*** Stored data Section Begins ***

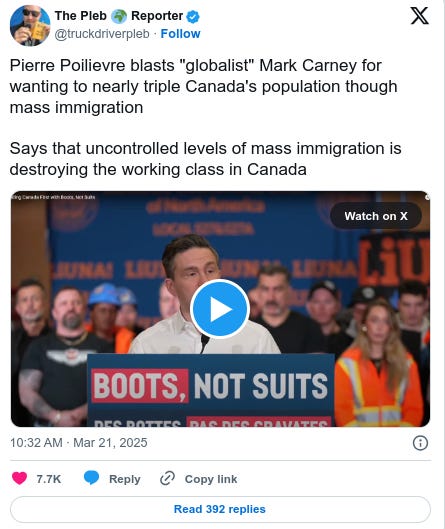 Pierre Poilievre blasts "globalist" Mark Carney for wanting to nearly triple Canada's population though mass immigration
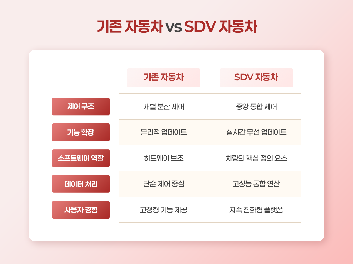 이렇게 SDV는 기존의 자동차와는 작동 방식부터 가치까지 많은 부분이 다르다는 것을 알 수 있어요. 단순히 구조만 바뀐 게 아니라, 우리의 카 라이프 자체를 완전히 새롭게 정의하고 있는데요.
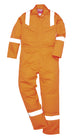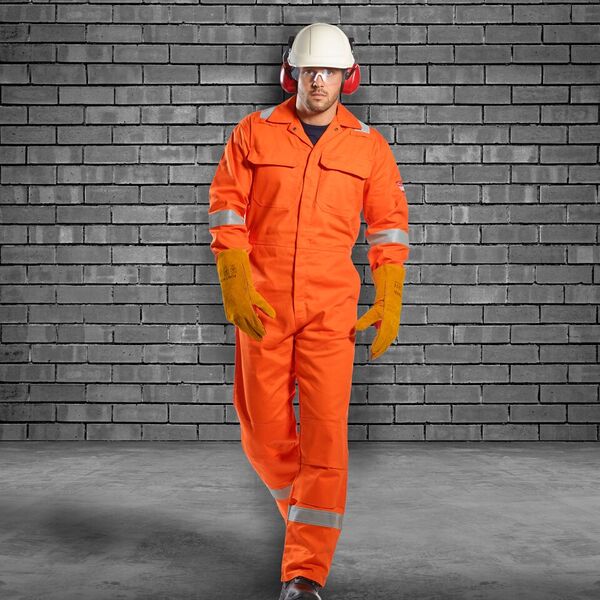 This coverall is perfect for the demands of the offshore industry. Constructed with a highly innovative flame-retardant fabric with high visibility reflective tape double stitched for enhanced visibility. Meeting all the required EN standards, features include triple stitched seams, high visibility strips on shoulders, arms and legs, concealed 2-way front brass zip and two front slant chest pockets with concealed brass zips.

*** Stored data Section Ends ***

Write out the listing above exactly, images omitted.

 Pierre Poilievre blasts "globalist" Mark Carney for wanting to nearly triple Canada's population though mass immigration
 이렇게 SDV는 기존의 자동차와는 작동 방식부터 가치까지 많은 부분이 다르다는 것을 알 수 있어요. 단순히 구조만 바뀐 게 아니라, 우리의 카 라이프 자체를 완전히 새롭게 정의하고 있는데요.
 This coverall is perfect for the demands of the offshore industry. Constructed with a highly innovative flame-retardant fabric with high visibility reflective tape double stitched for enhanced visibility. Meeting all the required EN standards, features include triple stitched seams, high visibility strips on shoulders, arms and legs, concealed 2-way front brass zip and two front slant chest pockets with concealed brass zips.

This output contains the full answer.